PowerAda APPENDIX F. Debugger Command Reference
Once you invoke the debugger, you can control the debugging session by entering various debugger commands. While the debugger executes, it presents a prompt, reads the line containing your command, and writes the line to the log file if one is open. The debugger then processes the command, and presents the output from the command, if any. All command outputs are line oriented.
All these commands can be entered in the command line input area in the debugger GUI. See Chapter 6, "The PowerAda Debugger: adbg" for more information.
The debugger commands are:
.BREAK .CALLS .DISASSEMBLE .MOVE .READ .REGISTERS .SKIP .STEP .SYMBOL .TRAP .UNBREAK .UNTRAP .WRITE := ? BEGIN BOTTOM BREAK CALLS CLEAR CLOSE CONTINUE DECLARE DEFAULT DETACH DOWN EDIT END EXIT GET_LINE HELP HISTORY IF IMPORT IN INVOKE LOAD LOG LOOP MACRO MODE NULL OPEN PUT_LINE RESIZE RESTORE RETURN RUN SCRIPT SHOW SKIP STEP SOURCE SYSTEM TASKS TRACK TRAP UNBREAK UNDECLARE UNTRACK UNTRAP UP WHERE WHILE
The debugger's command syntax is flexible and fairly straightforward:
- You can enter commands in upper or lowercase.

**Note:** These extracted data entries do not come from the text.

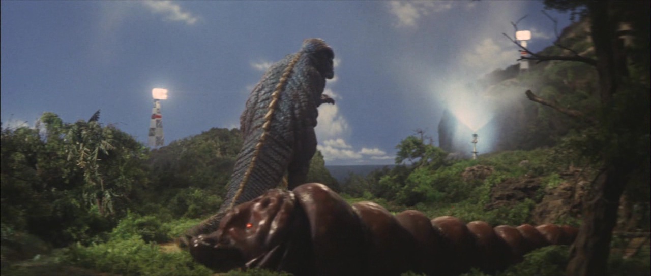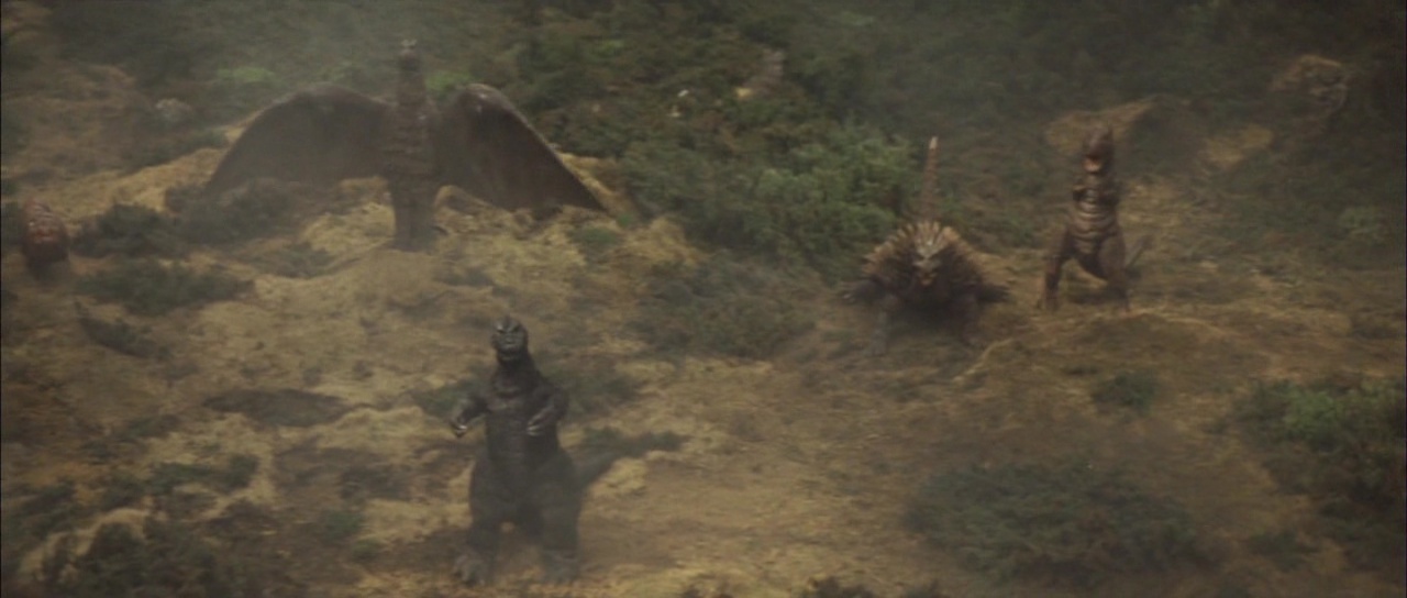Le Kaiju Eiga rapporte de moins en moins d’argent et de moins en moins de spectateurs dans les salles. Au lieu de se remettre en question, la Toho décide de livrer un ultime opus, un au revoir pour les fans. Si il y a moins de spectateurs, ça n’a pour eux rien à voir avec la qualité des deux précédents films, Ebirah et Le Fils de Godzilla. Bon heureusement pour le spectateur, lorsqu’ils décident de faire un ultime opus, ils ne font pas les choses à moitié. Honda Ishirô revient à la mise en scène et sera un des deux auteurs du scénario, Ifukube Akira revient également à la musique. Mieux, le ton enfantin des précédents fou un peu le camp, et on retourne à la place à la science fiction. Car dans ces grandes lignes, Les Envahisseurs Attaquent ressemble à deux gouttes d’eau à Invasion Planète X qu’avait signé Honda 3 ans auparavant. Mais attention, plutôt que de faire une redite, Honda améliore son propos. Le rythme se fait beaucoup plus soutenu, le film ne perd pas de temps alors qu’il ne dure même pas 1h30, les Kaijus s’insèrent beaucoup mieux dans l’intrigue, et encore mieux, on a l’impression de voir un Godzilla Final Wars 35 ans avant et avec 40 minutes de moins au compteur. Car ici, nos envahisseurs vont se servir des Kaijus dés le début, en les contrôlant pour les envoyer détruire la Terre. Oui comme dans Final Wars. Et du coup, c’est un vrai spectacle, car des monstres, il y en a. Première vraie réunion au cinéma, l’on trouvera Godzilla bien entendu, Rodan (ou Radon au Japon), Mothra dans sa première forme, Anguirus que l’on n’avait pas revu depuis Le Retour de Godzilla en 1955, Manda, Gorosaurus, Kumonga que l’on découvrait juste l’année précédente, Baragon, Varan, et bien entendu King Ghidorah en ennemi mortel final.
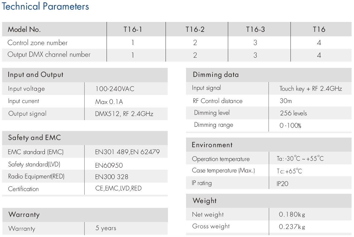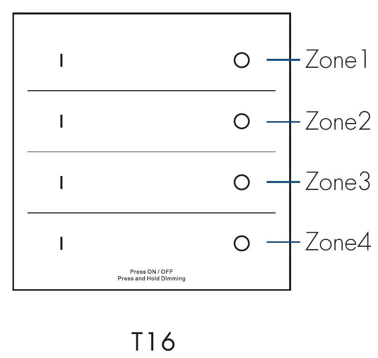 T16(B) Panel RF + DMX512 Ściemniacz Dotykowy 4-Strefowy
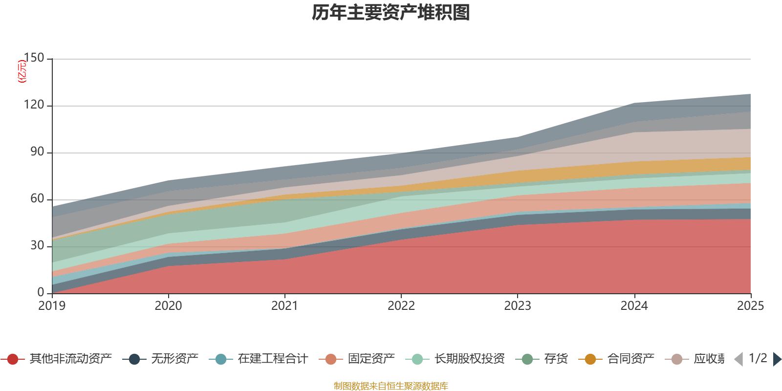 资产重大变化方面,截至2025年末,公司货币资金较上年末增加62.54%,占公司总资产比重上升3.06个百分点;在建工程合计较上年末增加155.24%,占公司总资产比重上升1.64个百分点;其他非流动资产较上年末增加0.74%,占公司总资产比重下降1.48个百分点;交易性金融资产合计较上年末减少100%,占公司总资产比重下降1.21个百分点。
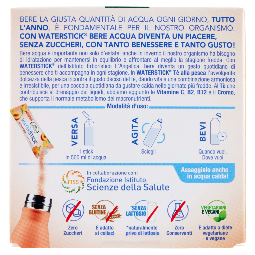 Bere la giusta quantità di acqua ogni giorno, tutto l'anno, è fondamentale per il nostro organismo. Con Waterstick bere acqua diventa un piacere, senza zuccheri, con tanto benessere e tanto gusto! Bere acqua è importante non solo d'estate: anche in inverno il nostro organismo ha bisogno di idratazione per mantenersi in equilibrio e affrontare al meglio la stagione fredda. Con Waterstick dell'Istituto Erboristico L'Angelica, bere diventa un gesto quotidiano di benessere che ti accompagna in ogni stagione. In Waterstick Tè alla pesca l'avvolgente dolcezza della pesca incontra il gusto deciso del tè, dando vita a una combinazione armoniosa e irresistibile, per una coccola quotidiana da gustare calda nelle giornate più fredde. Al Tè che contribuisce al drenaggio dei liquidi, abbiamo aggiunto le Vitamine C, B2, B12 e il Cromo, che supporta il normale metabolismo dei macronutrienti. In collaborazione con: FISS - Fondazione Istituto Scienze della Salute Zero Zuccheri Senza glutine - È adatto ai celiaci *Senza lattosio - *naturalmente privo di lattosio Zero Conservanti Vegetariani e vegani - È adatto a diete vegetariane e vegane

- You can abbreviate commands, provided the abbreviation is unique. One- or two-letter command name abbreviations are usually sufficient.
Ambiguous abbreviations are permitted if the rest of the command allows resolution. For example, u 2 could only be an UNBREAK command, so the command is valid even though using U by itself is ambiguous. However, s 1 is always ambiguous, since it can be interpreted as STEP 1, SKIP 1, or any command beginning with S that accepts one numeric parameter.

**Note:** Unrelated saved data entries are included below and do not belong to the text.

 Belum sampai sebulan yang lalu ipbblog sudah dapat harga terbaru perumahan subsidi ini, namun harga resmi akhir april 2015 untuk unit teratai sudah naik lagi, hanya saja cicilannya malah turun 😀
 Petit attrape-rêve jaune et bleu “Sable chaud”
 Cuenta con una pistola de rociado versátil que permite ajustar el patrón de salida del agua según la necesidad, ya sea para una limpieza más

- You can abbreviate Ada identifiers by using command-line completion. Type part of the identifier name, then enter an escape sequence by pressing and releasing first the
Esckey and then another key. Press
Esc-*to list all the visible Ada names that match that pattern, or
Esc-\to have the debugger enter the rest of the name. If more than one name matches the pattern, the debugger enters as many characters as it can; then you can either enter the rest of the name, or enter the next part of the name and press
- You can enter several commands on the same input line by separating them with semicolons. The LOG command is the only exception. If a command fails, the debugger displays the appropriate error message and continues with the next command. If the debugger does not recognize the command, it stops processing the command line.
- Some commands have one or more parameters. Such commands generally perform different functions when parameters are added. The first parameter to a command is separated from the command by a space; one parameter is generally separated from another by a comma. (For information on the syntax of a specific command, refer to the paragraph describing the command.)

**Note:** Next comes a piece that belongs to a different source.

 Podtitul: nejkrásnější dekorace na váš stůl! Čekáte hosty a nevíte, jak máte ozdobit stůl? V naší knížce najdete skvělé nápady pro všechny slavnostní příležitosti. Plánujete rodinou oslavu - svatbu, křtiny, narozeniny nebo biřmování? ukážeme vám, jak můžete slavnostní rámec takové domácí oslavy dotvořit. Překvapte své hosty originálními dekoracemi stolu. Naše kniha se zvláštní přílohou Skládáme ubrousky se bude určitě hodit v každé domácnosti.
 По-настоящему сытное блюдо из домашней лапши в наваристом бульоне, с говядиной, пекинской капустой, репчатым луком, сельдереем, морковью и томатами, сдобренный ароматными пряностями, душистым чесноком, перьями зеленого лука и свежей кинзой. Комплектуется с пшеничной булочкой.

- To indicate a comment, enter "--" anywhere on the command line. The debugger ignores the remainder of the command line.
The debugger commands available are described in the sections to follow. They are referenced alphabetically in the index. When presented in examples, the commands are in lowercase but otherwise they are in uppercase for readability. You may enter these commands in either lower- or uppercase when you actually use the debugger. You can specify a command with a unique abbreviation of the command's name.
On-line help is available when in adbg through the HELP command. Context-sensitive hypertext help is available by using the
F1 key if using the Graphical User Interface.
Specifying Locations for the Debugger
Most debugging is done in terms of compilation units and line numbers. With respect to compilation units, here are terms that need to be defined.
A compilation unit is a single, compilable piece of code. There are two classes of compilation units: library units and secondary units. Common library units are subprogram specifications and package specifications. Common secondary units are subprogram and package bodies (library unit bodies) and subunits. Compilation unit names are built from Ada unit names. Since unit names may not uniquely identify compilations units (for instance, package specifications and bodies will have the same unit name), the unit name may be prefixed with either lib/ or sec/ to specify the library unit or secondary unit, respectively. If no prefix is supplied, the debugger assumes the secondary unit is intended. Note that you may establish a particular compilation unit as a default by using the DEFAULT command ( See "Changing the Default Compilation Unit: DEFAULT").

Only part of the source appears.